15 Şubat 2019 Cuma

Hugo Boss – Boss Bottled Oud (2015)

1998 yılında piyasaya çıkan Hugo Boss’un ünlü erkek parfümü Boss Bottled, dünyada büyük beğeni topladı ve tabii ki en çok satanlar listelerinde uzun zaman kendisine yer buldu. Muhtemelen Hugo Boss’un en karlı yatırımıydı 1998 çıkışlı yuvarlak şişeli Boss Bottled. Zaman içinde bu popüler delikanlının devam parfümleri arka arkaya gelmeye başladı. Özellikle 2010 yılından sonra piyasaya sürülen Boss Bottled’ın devam parfümlerinin sayısı 10’u geçti.

2015 yılındaysa Hugo Boss, muhtemelen ana akım rakiplerine baktı ve çoğunun öd temalı parfümleri olduğunu gördü. Bu akımdan geri kalmak istemeyen Hugo Boss böylece öd temalı erkek parfümünü raflara yerleştirdi. İsmi Boss Bottled Oud olan yeni parfümün tanıtımında “zengin içeriklerle hazırlanan kompleks bir parfüm olduğu” vurgusu yapılmış. Ayrıca ilginç şekilde içeriğindeki öd ağacı esansının tamamen doğal olduğu iddia edilmiş. Parfümün “erkeksi, lüks, rafine ve yoğun” tarafı öne çıkarılmaya çalışılmış. Bakalım Hugo Boss’un öd temalı parfümü bize neler vaat ediyor.
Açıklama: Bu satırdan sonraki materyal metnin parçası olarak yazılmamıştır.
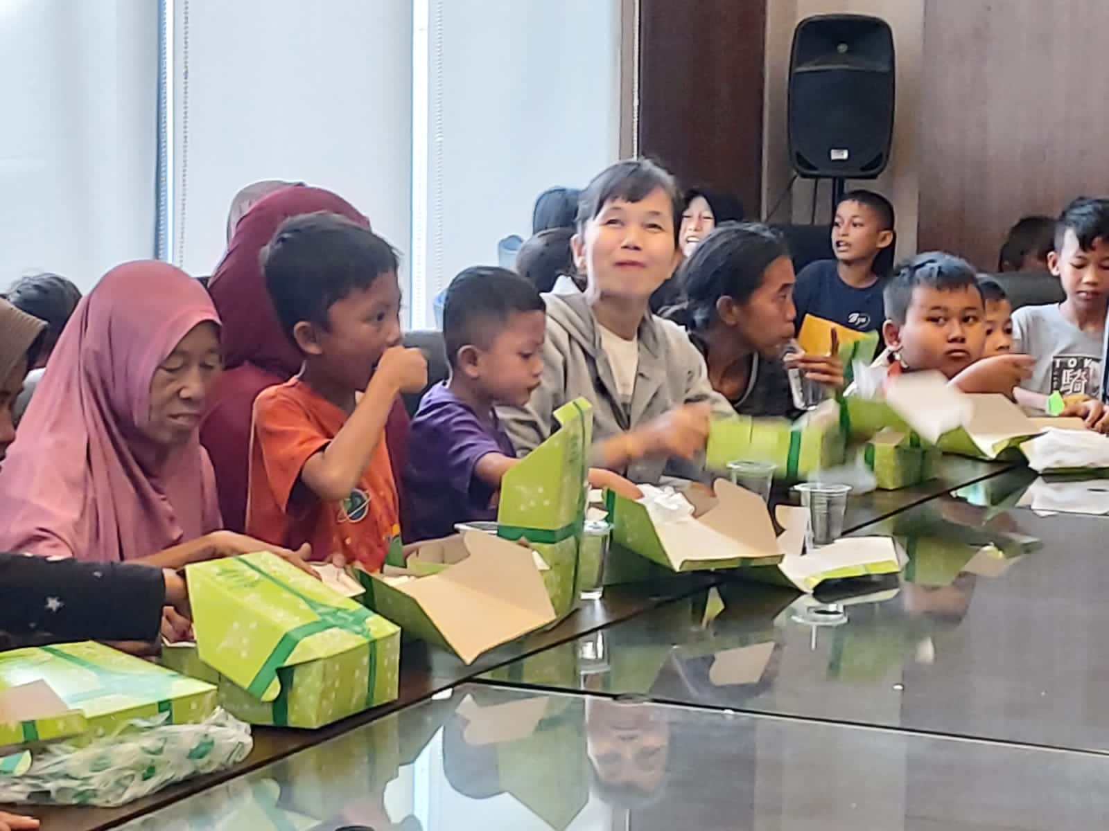 Anak-anak dan Lansia saat Menikmati Makan Ditempat Program Makan Siang Gratis di Kantor DPD Partai Gerindra Provinsi Banten. Foto: TangerangPos

Parfümün açılışı ferah sayılamayacak turunçgil-yeşil elma temasıyla gerçekleşiyor. Bu başlangıcın, abi Boss Bottled’ı anımsattığını düşünebiliriz. Benim için çok çarpıcı değil üst notalar. Orta kısımda elma benzeri meyvemsiliğin etkisi azalırken kuru safranın merkeze geçtiğini görüyoruz. Safrana bir parça öd ağacı ve tatlı satılabilecek karanlık baharatlar eşlik ediyor. Tarçın ve karanfilin ağırlıkta olduğu baharatlar, safranın baskın havasını kırmaya çalışıyor orta kısımda. Geleyim kapanışa. Yumuşak sandal ağacına eşlik eden odunsularla fena bir kapanış yapmıyor Boss Bottled Oud.

Tenimde öd ağacından ziyade safranı öne çıkarttı Boss Bottled Oud. Başlangıçtaki alkolümsü-meyvemsi yapı, parfümün en sıradan kısmı bence. Zaten klasik Boss Bottled’da da sevmemiştim üst notaları. Orta kısım abisine göre daha farklı Oud versiyonunda. Kimi kullanıcılar vanilyadan bahsetmiş ama bence büyük yer kaplamıyor Oud’da vanilya. Daha çok tatlılığı sağlamak ve baharatları yumuşatmak için kullanılmış sanki vanilya. Kuru sayılabilecek, tatlılığı dengeli, rafine sayılamayacak, kendisine aşık edemeyecek bir öd çalışması diyebilirim.

Ne yazık ki safranı sevemiyorum parfümlerde ve buradaki verilişini de beğenmedim. Ödün verilişi de kuru ve bana göre değil. Yumuşak baharatları ve odunsu kısmı güzel ama o da bu parfümü alıp kullanmak için yeterli mi emin değilim.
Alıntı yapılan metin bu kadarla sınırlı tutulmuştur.